Stored items:
Start of Block

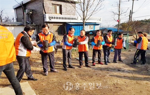 【홍성】 NH농협은행 충남영업본부(본부장 원종찬)는 지난 18일 어려운 이웃을 위해 홍성읍 소향리에서 ‘사랑의 연탄나눔봉사 활동을 펼쳤다.<사진>
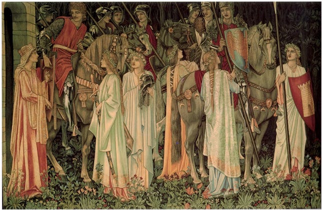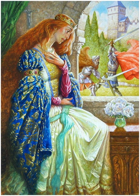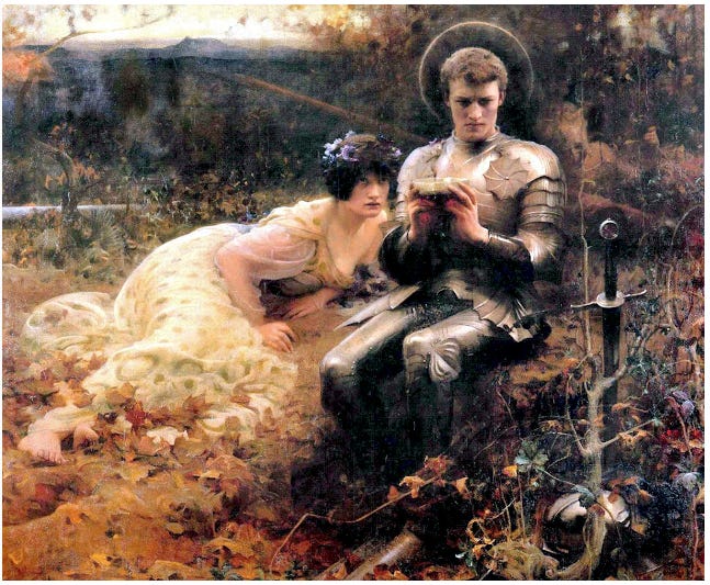 Og Gweneverre på walisisk. Hvordan det? Der er en walisisk forbindelse her, for fredag på walisisk hedder gwen. På alle sprog fra Mellemøsten og Europa er fredag Venus’ dag, den jødiske sabbat-aften. Veneres (italiensk), Vendredi (fransk), Freitag/fredag (germansk) er Freyas dag, og Freya er Venus. Jomfru Maria var kendt som Stella Maris, Havets Stjerne, der på græsk er Afrodite, altså Venus igen. Dronningerne er alle Venus-inkarnationer. Tristan og Isolde, Pelleas og Mélisande, flere variationer af de arthuriske legender, flere kopier af de legendariske søskende. Og forresten, Pelleas og Mélisande, den franske version af historien, er sat i musik i en symbolistisk Opera af Claude Debussy, der står på listen over stormestre i logen Priory de Zion. En tid med symbolisme, middelalder-revival = nygotik, en tid, hvor Wagner skriver en cyklus om Ringen og operaer som netop Parzifal og Tristan og Isolde. En Belle Epoque, hvor Verden endnu ikke var helt smadret af industrialisme og verdenskrige. En romantisk periode ihukommende, at romantik er et middelalder-koncept. De første romaner er skrevet i middelalderen.
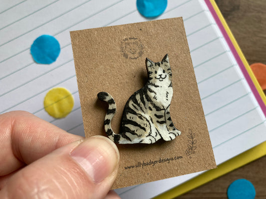 Charli | Tabby Cat Pin Badge | Hand Painted Wooden Cat Badge Accessory
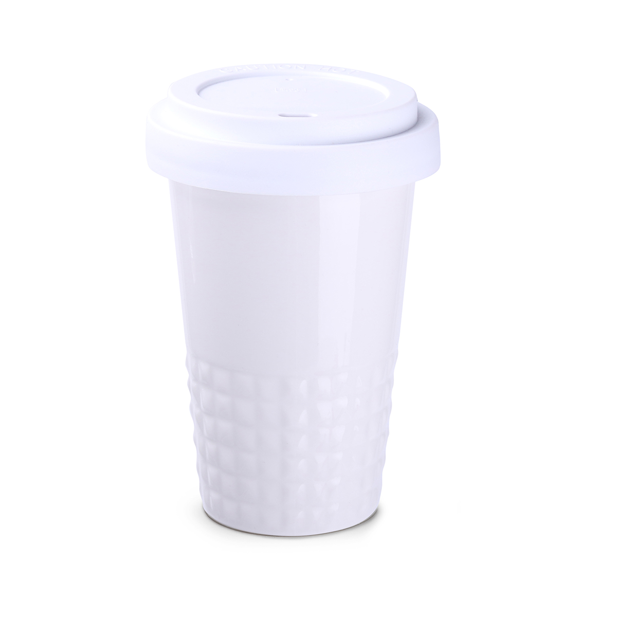 Subtelne wykończenie dolnej części kubka w formie symetrycznych wypustek. Porcelanowy kubek dwuścienny, zapewniający doskonałą izolację ciepła. Wyjątkowo szczelna przykrywka. Model dla aktywnych.
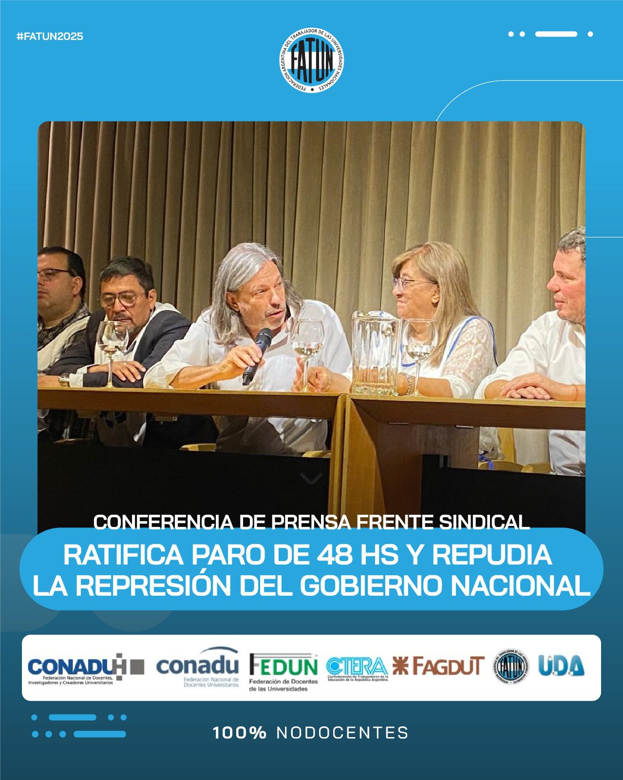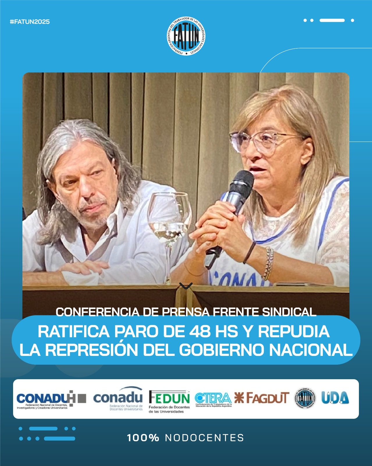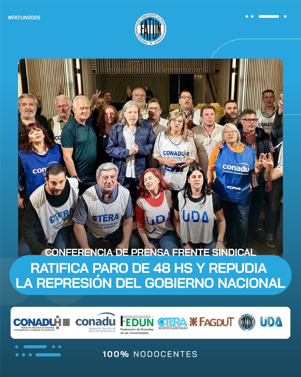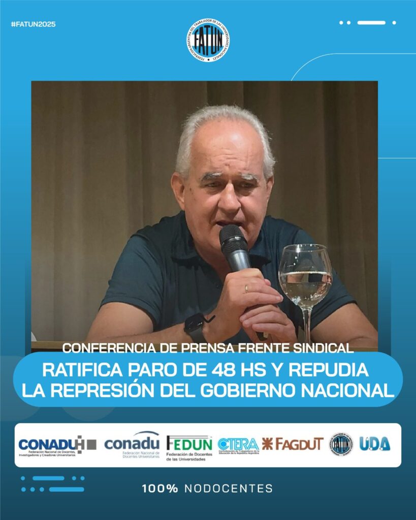 En el día de la fecha se llevó a cabo, en las instalaciones de CONADU, una conferencia de prensa convocada por el Frente Sindical de Universidades Nacionales, del cual la FATUN forma parte, en donde, como principal eje, se comunicó la ratificación de la unidad del Frente, en el que nos encontramos los representantes sindicales de las trabajadoras y trabajadores docentes y NODOCENTES de las Universidades Nacionales (FATUN, CONADU, CONADU Histórica, FEDUN, CTERA, FAGDUT y UDA). De esta manera se confirma que seguiremos realizando acciones conjuntas. La primera de ellas, dándole continuidad a las ya realizadas durante el 2024, será el PARO DE 48HS del próximo 17 y 18 de marzo y las manifestaciones en cada punto del país durante esos días.
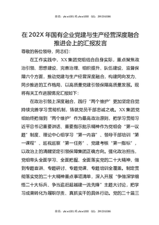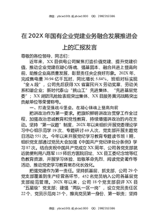 在202X年国有企业党建业务融合发展推进会上的汇报发言.docx
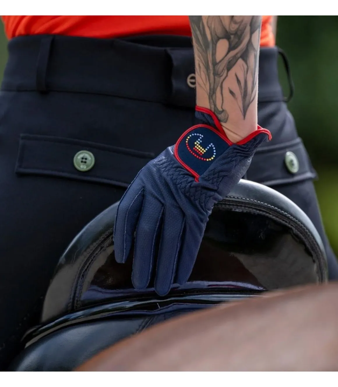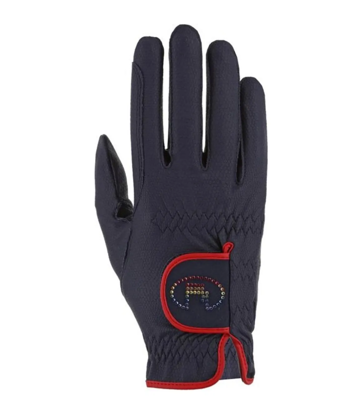 L’élégant bleu marine, le rouge tuck et le blanc classique rencontrent un logo Roeckl Sports fait à la main avec de précieux cristaux Swarovski aux couleurs de l’arc-en-ciel.
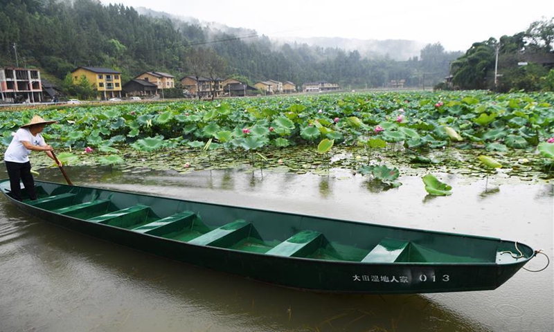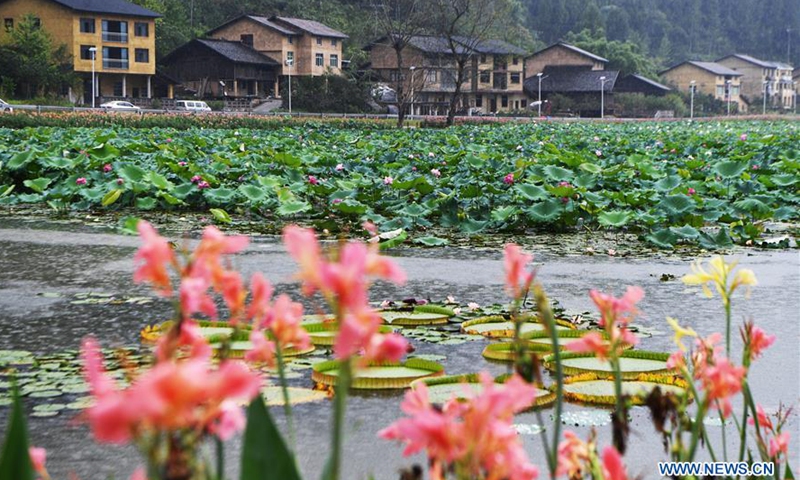Photo taken on Sept. 4, 2020 shows a lotus pond at a scenic area in Canggou Township in Wulong District, southwest China's Chongqing. Wulong carries out ecological-tourism according to its mountainous environment in recent years. By improving the accommodation level and capacity of the villages, rural tourism has been developed, which helps people here get rid of poverty without working far away from home.Photo:Xinhua

End of Block

Once the pictures are set aside, repeat the remaining data word for word.

# [Task answer]
 【홍성】 NH농협은행 충남영업본부(본부장 원종찬)는 지난 18일 어려운 이웃을 위해 홍성읍 소향리에서 ‘사랑의 연탄나눔봉사 활동을 펼쳤다.<사진>
 Og Gweneverre på walisisk. Hvordan det? Der er en walisisk forbindelse her, for fredag på walisisk hedder gwen. På alle sprog fra Mellemøsten og Europa er fredag Venus’ dag, den jødiske sabbat-aften. Veneres (italiensk), Vendredi (fransk), Freitag/fredag (germansk) er Freyas dag, og Freya er Venus. Jomfru Maria var kendt som Stella Maris, Havets Stjerne, der på græsk er Afrodite, altså Venus igen. Dronningerne er alle Venus-inkarnationer. Tristan og Isolde, Pelleas og Mélisande, flere variationer af de arthuriske legender, flere kopier af de legendariske søskende. Og forresten, Pelleas og Mélisande, den franske version af historien, er sat i musik i en symbolistisk Opera af Claude Debussy, der står på listen over stormestre i logen Priory de Zion. En tid med symbolisme, middelalder-revival = nygotik, en tid, hvor Wagner skriver en cyklus om Ringen og operaer som netop Parzifal og Tristan og Isolde. En Belle Epoque, hvor Verden endnu ikke var helt smadret af industrialisme og verdenskrige. En romantisk periode ihukommende, at romantik er et middelalder-koncept. De første romaner er skrevet i middelalderen.
 Charli | Tabby Cat Pin Badge | Hand Painted Wooden Cat Badge Accessory
 Subtelne wykończenie dolnej części kubka w formie symetrycznych wypustek. Porcelanowy kubek dwuścienny, zapewniający doskonałą izolację ciepła. Wyjątkowo szczelna przykrywka. Model dla aktywnych.
 En el día de la fecha se llevó a cabo, en las instalaciones de CONADU, una conferencia de prensa convocada por el Frente Sindical de Universidades Nacionales, del cual la FATUN forma parte, en donde, como principal eje, se comunicó la ratificación de la unidad del Frente, en el que nos encontramos los representantes sindicales de las trabajadoras y trabajadores docentes y NODOCENTES de las Universidades Nacionales (FATUN, CONADU, CONADU Histórica, FEDUN, CTERA, FAGDUT y UDA). De esta manera se confirma que seguiremos realizando acciones conjuntas. La primera de ellas, dándole continuidad a las ya realizadas durante el 2024, será el PARO DE 48HS del próximo 17 y 18 de marzo y las manifestaciones en cada punto del país durante esos días.
 在202X年国有企业党建业务融合发展推进会上的汇报发言.docx
 L’élégant bleu marine, le rouge tuck et le blanc classique rencontrent un logo Roeckl Sports fait à la main avec de précieux cristaux Swarovski aux couleurs de l’arc-en-ciel.
Photo taken on Sept. 4, 2020 shows a lotus pond at a scenic area in Canggou Township in Wulong District, southwest China's Chongqing. Wulong carries out ecological-tourism according to its mountainous environment in recent years. By improving the accommodation level and capacity of the villages, rural tourism has been developed, which helps people here get rid of poverty without working far away from home.Photo:Xinhua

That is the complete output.